According to the sponsor, there were no gross findings at necropsy (no summary or line listings were provided for survivors). The primary histopathology findings were as follows: (1) lung changes consisting of pleuritis (a few HD animals) and multifocal granulomatous pneumonia (all grps, but an increase in incidence and severity in 1 MDF and HD animals). This finding was characterized as aggregates of foamy macrophages and was attributed to aspiration of drug during dosing, (2) adrenal gland changes consisting of multifocal cystic degeneration and multifocal telangiectasia (i.e., dilation of small or terminal vessels) in MD and HD females (telangiectasia was also detected in 1 LDF), focal fibrosis in 1 HDF, and diffuse hypertrophy (characterized by increased cytoplasmic mass in cells of the zona fasciculata in MDF, and HD animals, (3) multifocal, suppurative prostatitis in MD and HD males. In terms of the adrenal changes, the sponsor suggested that adrenal cortical telangiectasia and cystic degeneration may "...represent different stages of the same degenerative process ... Cystic degeneration is .... believed to occur secondary to lesions in the cortical capillaries." Both findings were detected together in 1 MDF and 3 HDF; however, in 1 MDM, 3 MDF, 1 HDM, and 3 HDF only one or the other was found.

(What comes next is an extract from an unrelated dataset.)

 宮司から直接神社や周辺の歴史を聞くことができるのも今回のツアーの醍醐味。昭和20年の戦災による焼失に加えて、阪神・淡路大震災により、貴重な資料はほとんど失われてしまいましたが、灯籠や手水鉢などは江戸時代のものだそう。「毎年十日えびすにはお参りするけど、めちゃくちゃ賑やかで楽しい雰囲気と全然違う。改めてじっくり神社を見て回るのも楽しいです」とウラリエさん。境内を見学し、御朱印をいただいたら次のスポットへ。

Applicant's summary and conclusion
- Conclusions:
- Sedation was the primary drug-related clinical sign and was observed at all doses, with severity being dose-related. Body weight was affected in both males and females; however, males were more markedly affected than females. Final body weights were reduced (compared to CM) by 17, 31, and 35% in LDM, MDM, and HDM. In females, final mean body weights (compared to CF) were slightly elevated in LDF, but reduced at the MD and HD (6 and 9%, respectively). No marked drug-related effects were observed on ophthalmology, hematology, clinical, chemistry, or urinalysis parameters. There were small changes in wbc ct and LFTs at the HD; however, the effects were small (LFT increased by <2-fold). A complete-battery of organ weights were not obtained; only kidney, liver, and testes were weighed. Changes in the weight of these organs were consistent with those in body weight.

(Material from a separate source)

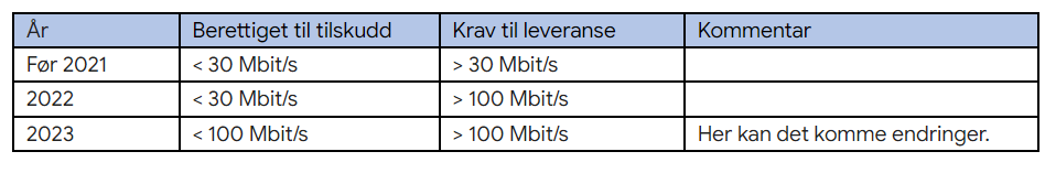 For offentlige tilskudd gitt i til og med 2022, har kravet for å få tilskudd vært at det ikke eksiterer et tilbud på 30 Mbit/s eller mer. Fra og med 2023 forventer vi at dette kravet økes til 100 Mbit/s. Løsningen man skal tilby med offentlig tilskudd har til og med 2021 vært 30 Mbit/s eller mer, fra og med 2022 er dette økt til 100 Mbit/s.

Microscopic findings were detected in lung, adrenal gland, and prostate. Lung changes consisted of pleuritis in a few HD animals and multifocal granulomatous pneumonia. The latter finding was observed in all grps, including controls; however, the incidence and severity of the finding was dose-related. The granulomas were characterized as accumulations of foamy macrophages; the sponsor attributed this finding to "chronic, low level aspiration of the compound during dosing". However, there was no mention of detection of drug-related particles in lung samples. Foamy macrophages can result from drug-related phospholipidosis, as a reaction to inhalation of foreign bodies, or the cause may not be evident. The information provided was not sufficient to determine the possible cause. However, considering the dose-related incidence in males and females, a direct drug-related effect cannot be dismissed. Adrenal gland changes consisted of multifocal cystic degeneration and telangiectasia in MDF and HDF, and diffuse hypertrophy in MDF and HD animals. The diffuse hypertrophy was characterized as increased cytoplasmic mass in cells of the zona fasciculata. The sponsor attributed this finding to stress, and the blood vessel changes and cystic degeneration to age-related degeneration.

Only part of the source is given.